# first bottle stopper of the year



## airrat (Jan 5, 2008)

Ok this is a new "cabochon" I found and am playing with.   The hard part is its 2 sided and I don't know which I like better.

Edited: forgot the wood is spalted pecan.
Opinions and votes greatly appreciated


----------



## Firefyter-emt (Jan 5, 2008)

Very nice Tom.. I would try to tighten the hole up a bit, and go with the top one myself.


----------



## jhs494 (Jan 5, 2008)

Good job! That is very nice.
I like the side with the Claddagh better.
Just because I like what it represents.
Keep up the great work!
'Athbhliain faoi mhaise duit'


----------



## broitblat (Jan 5, 2008)

Tom,

It looks good.  Is this cab one of those aluminum coins you find in greeting card shops, etc.?  I like the first (top) side better, also.

  -Barry


----------



## airrat (Jan 5, 2008)

Thanks Lee, I turned it like I do the military emblems, it is a 2 stage hole I was going to round it out but realized that would not look good with this one.  The next one I do will not have the two stage.  
I am going to probably put another coat of finish on it and try to tighten it up that top part.  The coin is in it tight from the bottom.
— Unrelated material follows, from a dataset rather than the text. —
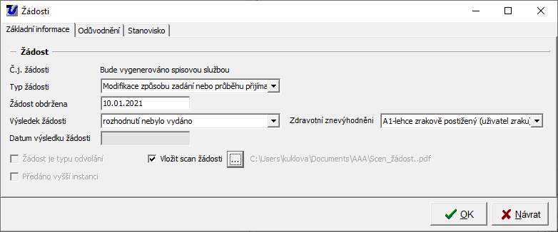 - při zapnutém parametru "Tisk čár.kódu a ČJ v pravém hor. rohu" (Parametry, záložka OSTATNÍ) se na PDF oskenované žádosti do pravého horního rohu vloží č.j. a čár.kód

Barry I believe it is pewter.


----------



## Ligget (Jan 5, 2008)

Fantastic work on the stopper, I prefer the side with the wording showing![]


----------



## Jim15 (Jan 5, 2008)

They both look great. Maybe sell them as a set.


----------



## cowchaser (Jan 5, 2008)

How about gluing in a magnet ( I don't know what the material is made of and might not stick) then you can change it back and forth depending on your mood. Just a thought.


----------



## broitblat (Jan 5, 2008)

> _Originally posted by airrat_
> 
> 
> Barry I believe it is pewter.



Ah, that would explain why it looks so much better than the aluminum coins I've seen 

  -Barry


----------



## R2 (Jan 5, 2008)

Beaut piece of wood and nicely turned&gt; the caochon would look good either way. if you were selling these yuo would have a buyer for each. Best get another piece of wood.[]


----------



## doddman70 (Jan 5, 2008)

very nice!!!!

Shane


----------



## badger (Jan 5, 2008)

This reminds me of a late night idea I had recently, of casting my own "cabochon" in pewter.  I briefly played around with some pewter casting in carved soapstone, and still have all the equipment around.  Hrm.  I'll have to think of a good design.

Thanks for the inspiration!

badger


----------



## IPD_Mrs (Jan 5, 2008)

1. I like the top side best, but belive like others said you will have many buyers for both.

2. Where do you guys buy your cabochon's?

3. If it is pewter the otherwise reasonably cool idea of having a removable piece the customer could change in and out won't work as pewter won't stick to the magnet - the other problem I would worry about is folks like my dad who would "misplace" it with each bottle of wine when he gets a bit "tipsy" [}]


----------



## txbatons (Jan 6, 2008)

Nice! Love the pecan!


----------



## airrat (Jan 6, 2008)

Thanks all

Mike I bought this and one other (different design) at an Irish shop in town.  I am going to look around to see if I can find others.  I am always on the look out for what can go into the top of a bottle stopper.  I am working on stuff other then round right now.  Along with my SWA pen I showed you all last year.  I am still working on streamlining the process of it.


----------